Have the Hackers Got Your
Number?
Patrick Collinson
Saturday May 18, 2002
The Guardian
Think your credit card details are confidential? Then think again. Highly personal information is being sold to fraudsters on the internet - and Patrick Collinson discovered just how easy it all is.
I have no idea who Sue Darnell of Pittsburgh, Pennsylvania is - but this week I got her MBNA credit card number, expiry date, telephone number and billing address. I've never been anywhere near Hawaii, but I've also got all the Citibank credit card details for Mr Dewitt White, who lives in Honolulu.
It took me just a few minutes to obtain this information - and a lot more besides. I simply tapped into the thriving cyber-bazaars operated over the internet where
organized criminal "carders" buy and sell your card number and your identity. The chat forums - where card details are sold for 40 cents to $5 (it's always dollars) - are usually operated out of web locations in the former USSR but the victims live predominantly in the US and western Europe.
I won't pretend to have uncovered the really big card traffickers - that's a job for the recently launched National High-Tech Crime Unit - but it is astonishing how a simple search on
Google, the internet's most popular search engine, instantly routed me to message boards where fraudsters were trading credit card information.
The sites are clearly hijacked from legitimate operators and may only survive for a few days before being closed down.

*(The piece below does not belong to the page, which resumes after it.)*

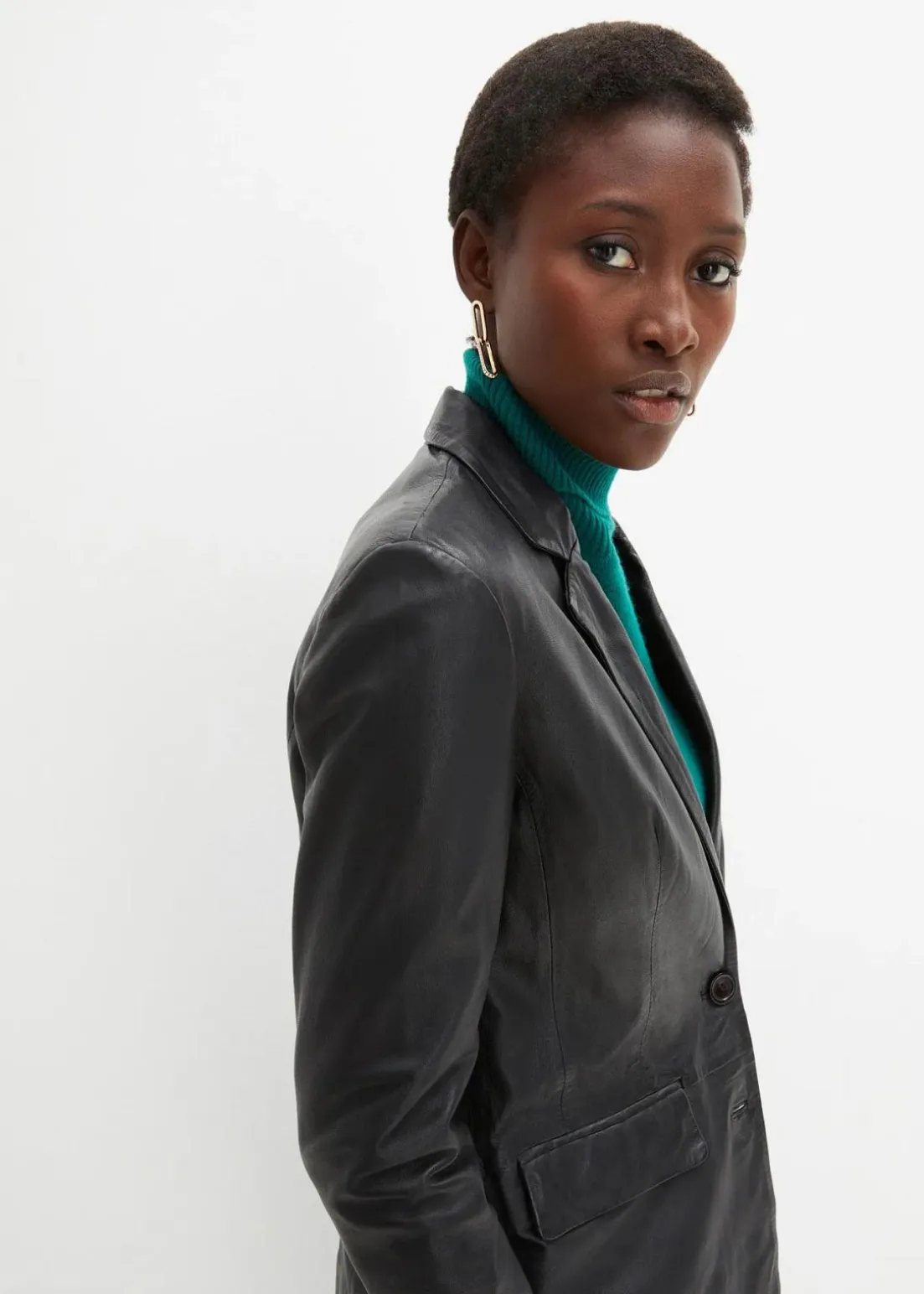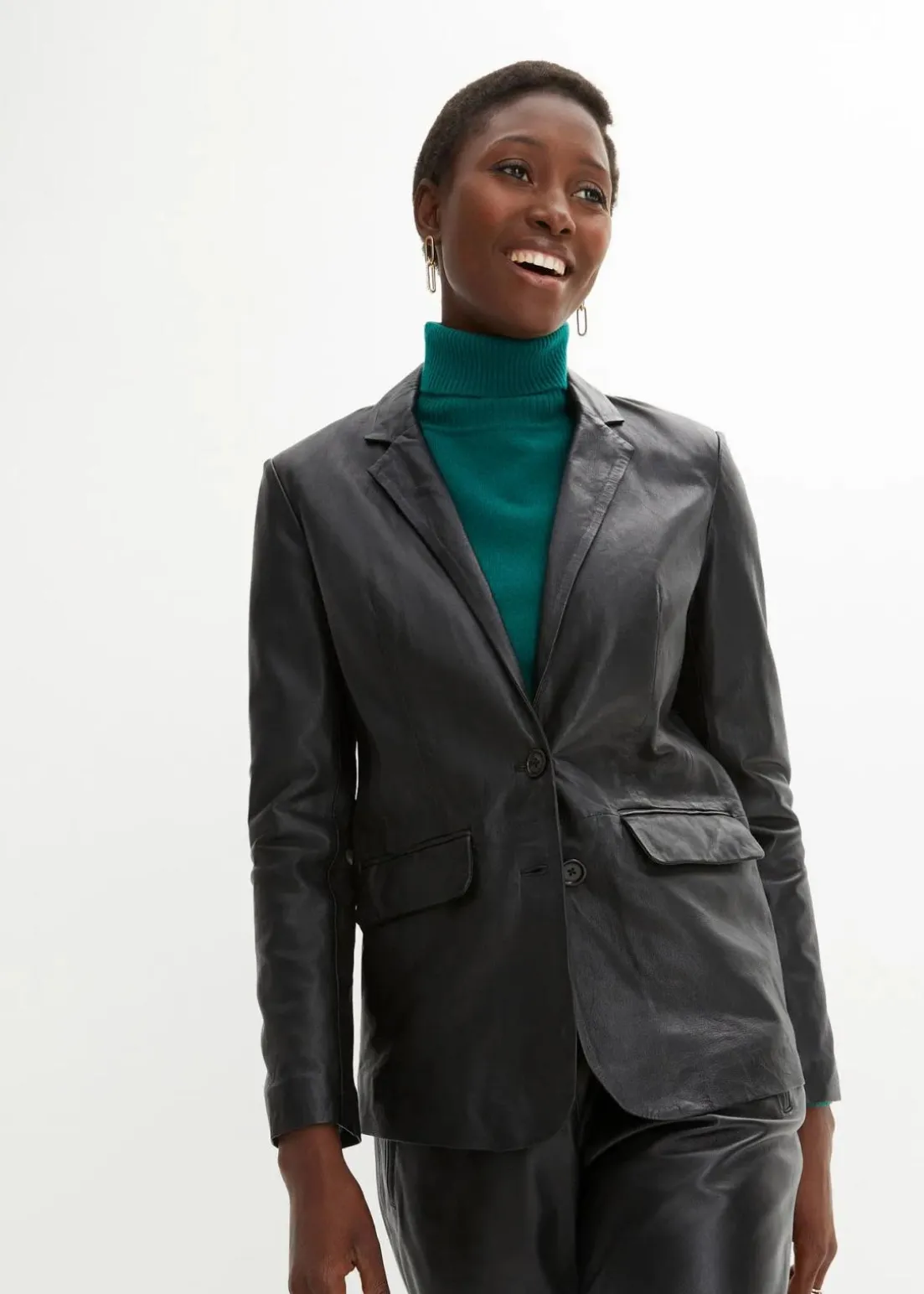 Modischer Lederblazer aus Lammnappa mit Pattentaschen, vielseitig kombinierbar.

The biggest I found was one nominally giving weather satellite information for northern Canada. Others included a temporarily hijacked message board at an educational college in Oklahoma City. Both were impossible to access just a few days later.

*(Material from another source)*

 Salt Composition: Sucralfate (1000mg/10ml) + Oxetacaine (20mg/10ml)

One posting on the Canadian site from someone called "Derek" said: "We are now giving 6,000 stolen credit card numbers and the most advanced financial hacking lesson". Even though it was almost certainly a fake offer, it had clearly excited the interest of hundreds of users who had posted follow-ups.

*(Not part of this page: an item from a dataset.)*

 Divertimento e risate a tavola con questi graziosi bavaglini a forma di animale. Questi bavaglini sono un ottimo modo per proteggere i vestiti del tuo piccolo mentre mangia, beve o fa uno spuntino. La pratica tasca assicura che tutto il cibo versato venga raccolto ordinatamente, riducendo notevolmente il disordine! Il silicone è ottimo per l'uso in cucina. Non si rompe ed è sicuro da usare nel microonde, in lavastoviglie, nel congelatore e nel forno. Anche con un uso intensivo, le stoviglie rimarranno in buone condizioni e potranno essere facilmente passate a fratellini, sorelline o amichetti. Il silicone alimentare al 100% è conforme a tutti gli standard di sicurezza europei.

Elsewhere, "Aldi", "Aaron" and "Mick" were trading info in a discussion entitled How to Steal or Hack a Valid Credit Card".
"Joe Black" offered four credit card details and wanted to exchange more. He had found a willing buyer in someone called "J-J".
But these are small scale players. According to computer security expert Dr Neil Barrett, the credit card trading centre of the world is St Petersburg in Russia. It is the site of a number of secret internet marketplaces where card details are offered in bulk, typically costing $1 a card, sold in batches of 500 through to 5,000.
"It's not done through open access websites or newsgroups. These are point-to-point chat sessions between individual groups of hackers on an IRC channel or a side channel off an IRC channel. Junior hackers move up the scale until they are invited into a senior channel with just half a dozen people exchanging tips, tricks and credit cards. Hacking a credit card is the entry requirement for people who want to move up this ladder," says Dr Barrett.
The Russians have adopted the practices of Wall Street, with a virtual stock market in cards, where the prices rise and fall according to daily demand. The buyers tend to be from the Far East, according to Dr Barrett.
The volume of credit card fraud has now spiralled to "horrifying" levels according to Richard Tyson Davies of
APACS, the group representing the payment systems for all the major UK banks and building societies. He says that card fraud last year was £411m compared with just £135m in 1998. By 2005 he predicts that criminals will be illegally extracting £1bn a year from British cards. Britain's biggest credit card issuer, Barclaycard, lost £41m alone to credit card fraud last year.
Testament to the alarming globalisation trend in card fraud is the fact that one-third of fraudulent use of British-registered credit cards happens abroad, as "skimmers" and hackers collect the data in the UK but use it far from the owner's home. "Advances in technology have made it easier for organised criminal gangs to move information around the world," says
APACS.
Internet card fraud is still a relatively small, but fast-growing, part of the total sum stolen. It is centred on Britain and America (it is five times higher in Britain than in France) because that is where the largest volume of card-paid internet transactions take place.
Hackers rarely target the databases of the banks and credit card issuers, or the transmission systems such as Visa or
Mastercard. These are ferociously protected systems which to date have proved impenetrable to criminal gangs.
But there is a much easier way to obtain credit card details. The criminals target the servers of online businesses where the credit card details of customers are held. The insecurity of the internet is not in the transmission of your credit card details over the telephone line, but in how those details are then held at the other end.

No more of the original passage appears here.